Седая голова Шюттенстрема упала на грудь.
– Что с доктором Беком? – едва слышно спросил он.
– Доктор Бек еще раньше покончил с собой.
Биндер начал кашлять кровью. Задыхаясь, он
все же продолжал:
– Он что-то проглотил… Не знаю, что… И умер… Его спустили за борт… мертвого, конечно…
Силы оставили Биндера, и он потерял сознание. Кунерт давно собирался заставить его замолчать, чтобы он не сводил людей с ума.
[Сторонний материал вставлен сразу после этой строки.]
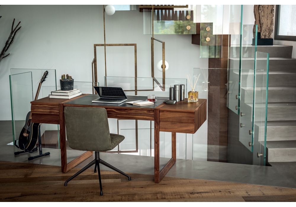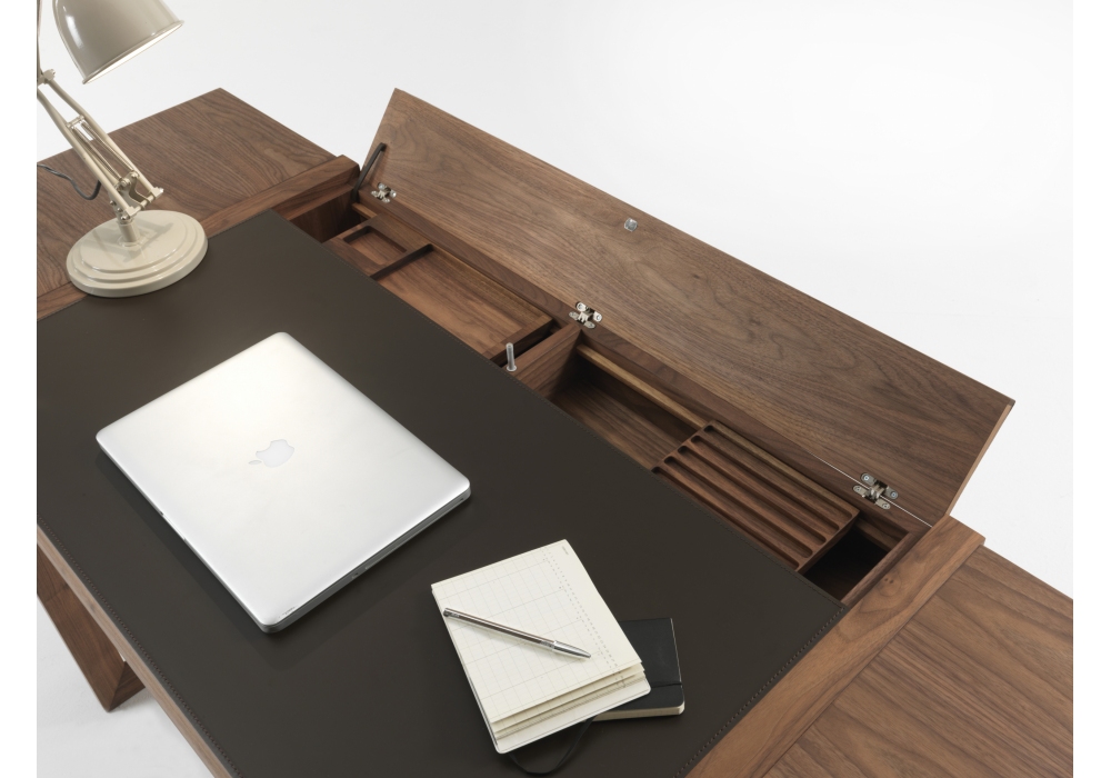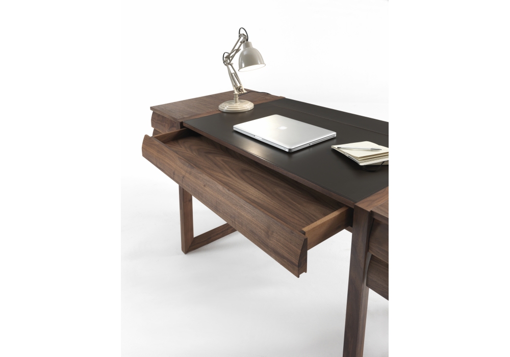 Elle Ecrit diseñado por Jamie Durie para Riva 1920 es un escritorio de líneas cuadradas realizado en tablero de madera contrachapado, con cajones ensamblados con juntas de cola de milano y patas de patín en madera maciza. Parte central de la capota revestida en piel Olimpia. Disponible en dos versiones.
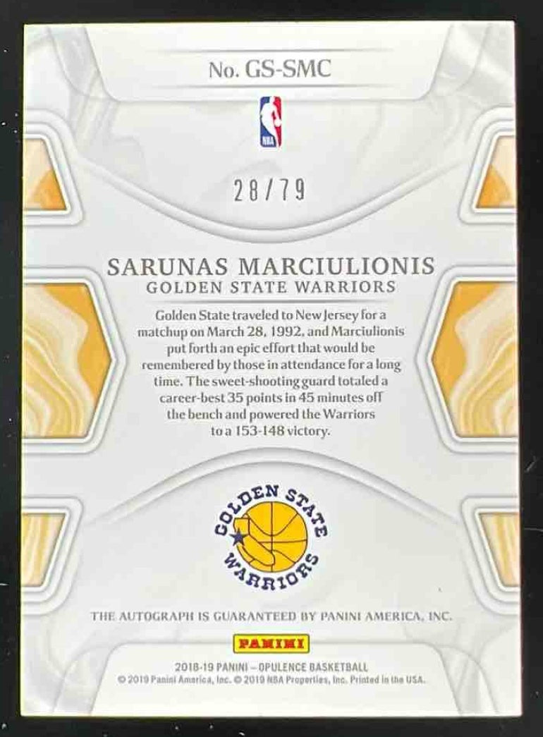 2018-19 Panini Opulence Gilded Sigs #GS-SMC Sarunas Marciulionis Auto /79
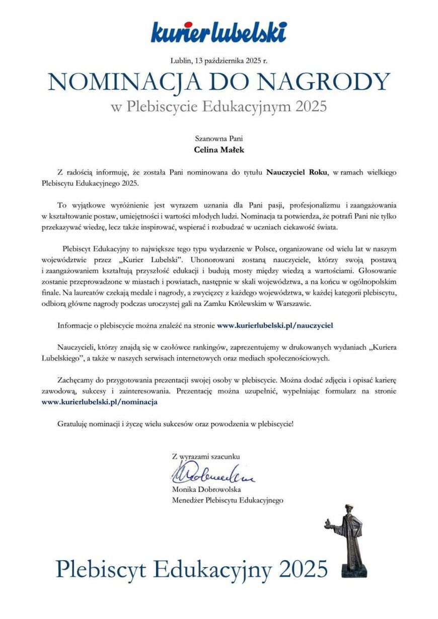 NOMINACJE DO NAGRODY w Plebiscycie Edukacyjnym 2025Archiwum

Но Шюттенстрем подал ему знак: «Не мешай, пусть говорит».
Шюттенстрем посмотрел по очереди на каждого из сидевших в шлюпке. Все сидели скорчившись, так как распрямиться нельзя было: лодка была слишком переполнена. Голод, холод, жажда и чувство обреченности действовали угнетающе. Только Кунерт, казалось, ничего не чувствовал. А ведь с момента гибели «Хорнсрифа» они ни капли не пили пресной воды. Кунерт даже пытался вселить бодрость в товарищей по несчастью.
– Знаете, командир, сейчас мы приближаемся к пароходным линиям… Бразилия… Ветер попутный и, если нам повезет…
– Эх, Кунерт, воды бы нам! – Шюттенстрем произнес это так тихо, чтобы никто не слышал. Слово «вода» приводила людей в бешенство.
– Дождь… Дождь… нужен! – как заклинание прошептал капитан, складывая молитвенно руки.
Перочинным ножом, случайно уцелевшим в кармане, Клоковский делал зарубки на борту шлюпки. Заметив вопросительный взгляд Шюттенстрема, матрос пояснил:
– Восьмая, капитан! Каждый день – по одной!
Шел восьмой день.
Люди не могли спать. Едва заснув, они судорожно вздрагивали и тут же просыпались. Кругом вода, бесконечный простор… Столько воды – и ни капли пригодной для питья.
Вдруг раздались пронзительные крики, истерический смех:
– Идиоты! Негодяи! Проклятые собаки! Саботажники! Это ваша работа в Иокогаме! – Казначей, до сих пор лежавший неподвижно, вскочил. Костлявыми руками он ловил воздух, кричал, прыгал, топал ногами и едва не опрокинул шлюпку.
Несмотря на безумие, казначей все же узнал своего врага – Шмальфельда. Он хотел броситься на него, но, споткнувшись о банку, упал прямо в крепкие объятия Кунерта.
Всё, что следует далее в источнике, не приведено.